Thus the flexible blade type elements 24.sub.1 -24.sub.6 can be picked with
a conventional type plectrum, plucked with fingers, or strummed by both
means with one stroke of the hand in either direction in a normal manner.
Accordingly, conventional finger, hand and arm motions familiar to the
musician experienced with conventional stringed instruments are used. It
should be noted that the assembly 22 is preferably located at the
conventional waist region of the instrument body 12 on the longitudinal
axis of the instrument and that each flexible blade element 24.sub.1 . . .
24.sub.6 is parallely aligned with the neck portion 14 in the same manner
as the string it is intended to simulate. While mention of the fact that
the actuators 24.sub.1 . . . 24.sub.6 are generally rectangular in shape,
1 is to be made that they are of sufficient length along the longitudinal
axis of the instrument to avoid the need to search for their location when
picking or strumming since searching tends to detract from the normal
motions already cultivated by an experienced player of a conventional
instrument, particularly so in view of the fact that the body portion 12
is observed to a much lesser extent than the neck portion 14.
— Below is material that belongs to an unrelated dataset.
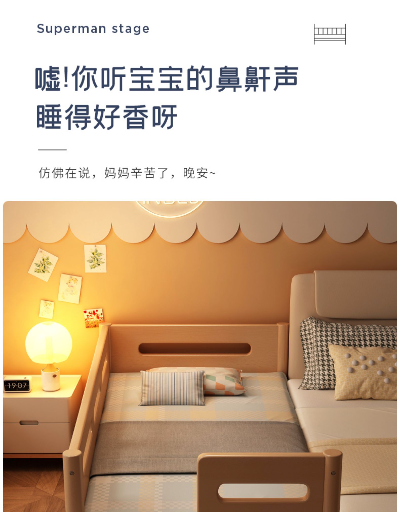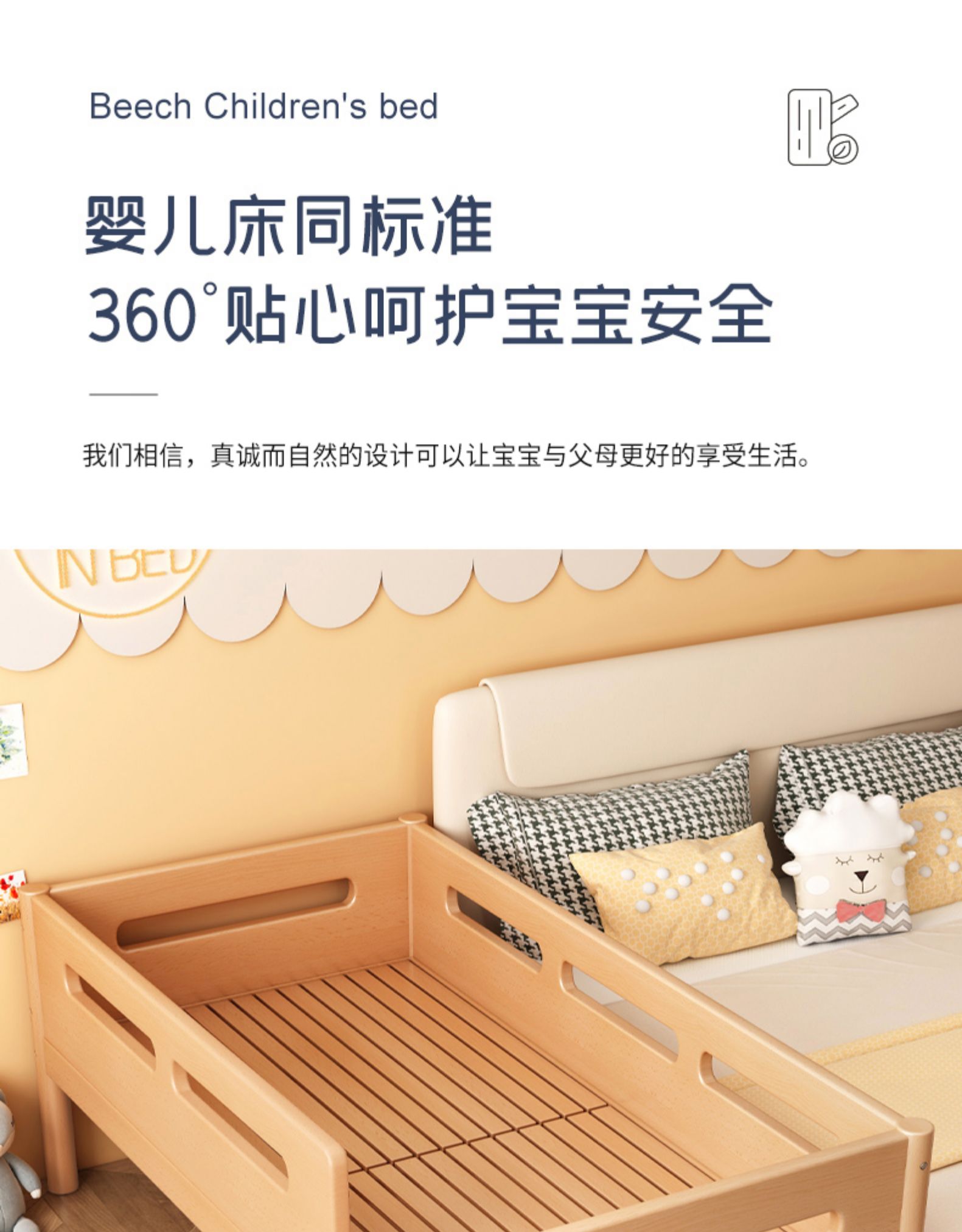 난간이있는 어린이 침대 싱글 보이 너도밤 나무 아기 침대 옆 넓어진 작은 침대 접합 큰 침대스토어 가기
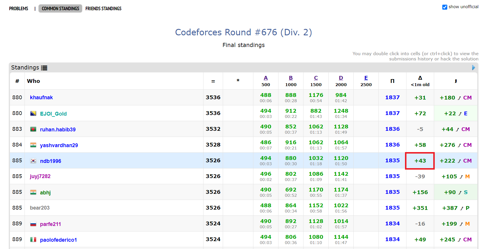 코드포스(Codeforces) 웹 사이트 내에서 점수 변화 및 퍼포먼스(performance) 정보도 함께 확인하고자 한다면, 캐럿(Carrot) 확장 프로그램을 사용할 수 있습니다. 캐럿을 사용하면 다음과 같이, 내가 오늘 치른 대회에서의 퍼포먼스(performance)와 점수 변화량(delta)을 확인할 수 있습니다.

A plurality of knobs 30, 32 and 34 are conveniently arranged on the face 20
of the body portion 12 for effecting tone control, harmonic control and a
combination of the volume control as well as an on/off switch,
respectively. Reference numeral 36 is intended to designate a suitable
indicator light to indicate the power status of the instrument. Also,
shown in FIG. 1 on the surface 20 of the body portion 12 is reference
numeral 38 which is intended to designate a muting switch pad associated
with electronic circuitry, not shown, which is used to provide abrupt
sound cut off similar to that accomplished when usable string vibrations
are stopped with the hand. For lute type instruments, it is preferred that
the muting switch pad 38 be located to serve as a rest for the heel of the
picking hand so that it can be depressed for muting instantly without
having to hunt for the pad.
Referring now to FIG. 2, there is disclosed the details of one typical
fret-switch key 16 shown in FIG. 1. A switch actuator member 40 is held in
its unactuated position against the underside of the fingerboard 18 by
means of resilient foam material components 42 which are located at either
ends of the element 40. The durometer softness of the material from which
the foam material is comprised is selected to provide a comfortable feel
to the player, with considerations including low finger pressure but not
so low that undesired actuation can take place. A further consideration is
to provide a pre-travel of the member 40 downward before a pair of
electrical switch contacts 44 and 46 are closed. The spring leaf
configuration of member 44 permits over-travel after the switch contacts
close. The pre-travel aids to prevent unwanted sounds from emanating when
the element 40 is inadvertently depressed by the fingers while using them
for guidance or while straddling them in a manner which is normal for
playing stringed instruments. The over-travel is provided for improved
electrical contact and to minimize finger fatigue, which may occur sooner
when stopped by an unyielding switch key.
Further to this end, it is preferred that the key element 40 be permitted
to be depressed so that the upper surface 48 is nearly flush with the
fingerboard surface 50, permitting only enough protrusion to feel it for
guidance when it is fully depressed. Accordingly, when one of the key
elements 40 is depressed, it is guided to the proper location over the
contact member 44 by means of angulated guides which form an integral part
of the contact mounts 52 as shown in FIG. 3. These guides permit a freedom
of fit for the key element 40 in its finger-board slot so as to provide a
bind-free action.
An insulating board member 54 is used for mounting the contact mount 52
with spacer bars 56 between each fret position. A multiple pin connector,
not shown, is utilized at the end of the mounting board member 54 where it
meets the body portion 12 to interface the fret-key switch elements 16
with electronic circuitry shown in schematic form in FIG. 9 contained
inside of the body portion 12 of the instrument.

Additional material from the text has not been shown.